Yahoo maintains that disclosure to a fiduciary in compliance with the SJC places them in violation of the SCA. Though the Massachusetts SJC interpreted the SCA to allow providers to divulge the contents of a decedent’s email account, Yahoo does not accept that a personal representative can stand in place of the user for purposes of providing the necessary consent.
Additionally, several issues remain unresolved. A number of states have passed laws similar to the Revised Uniform Fiduciary Access to Digital Assets Act (RUFADAA), which restricts a personal representative’s access to electronic communications such as email, text messages, and social media accounts unless the original user consented in a will or other record. Yahoo contends that the SJC’s decision may lead to inconsistent judgments nationwide. Yahoo further contends, even if one of the exceptions apply, disclosure by the provider is entirely voluntary.
Further Discussion
Read more about the policy options and the debate at this link..

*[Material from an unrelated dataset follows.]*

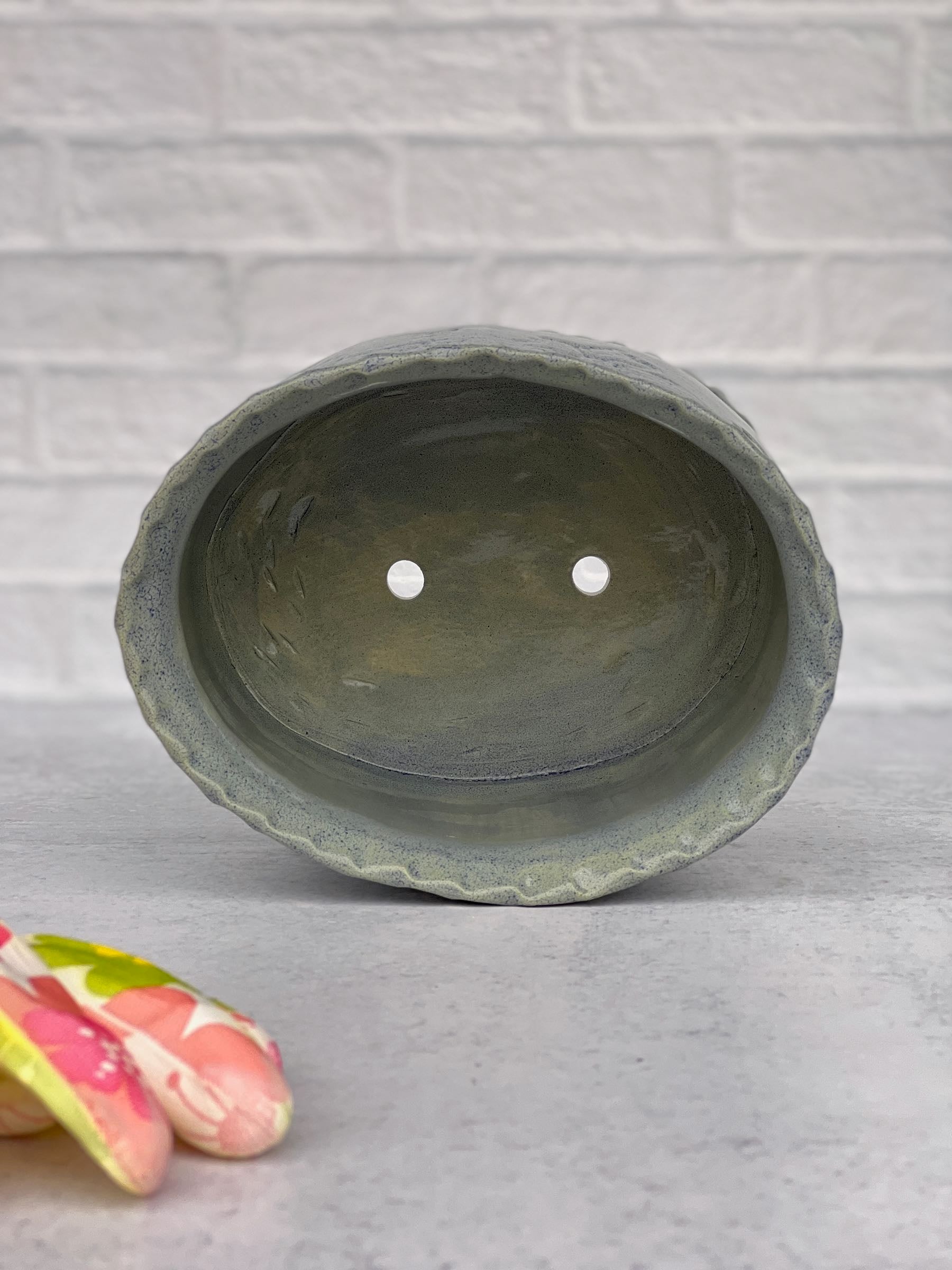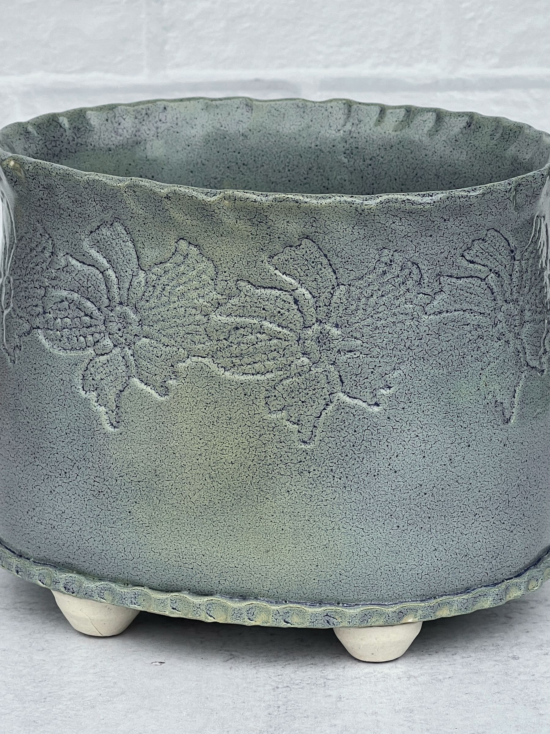 Large Slab-built Oval Matte Blue Glazed Planter With Stamped Flower Design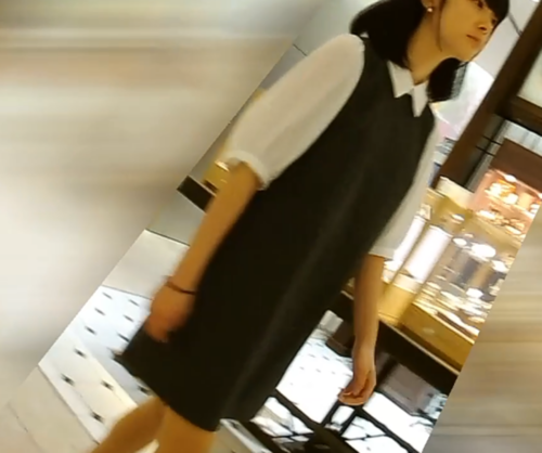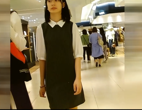清楚系ジャンパースカート女子パンストパンチラ逆さ撮り

This involves so much more than personal email. Many institutions can be involved.
To keep track of my digital life I have accumulated over several decades six dense password-protected pages of online account information. It includes addresses and logins for banks, brokerages, insurers, social media, web hosting, medical portals, utilities, retail vendors, three email accounts and more. I want my heirs to be able to access all of it without any sort of legal or vendor hassles.
I plan to delete accounts I no longer wish to use and summarize what’s left in a spreadsheet that I will print and leave in an easy-to-find place. It will include my computer’s password and be annotated with my wishes for the disposition of each online asset.
Should I die before completing the spreadsheet, at least there is my current disorganized list to work with and will require no one’s permission or legal authority to carry out my instructions.
I urge others to spare their heirs from frustration in a similar manner.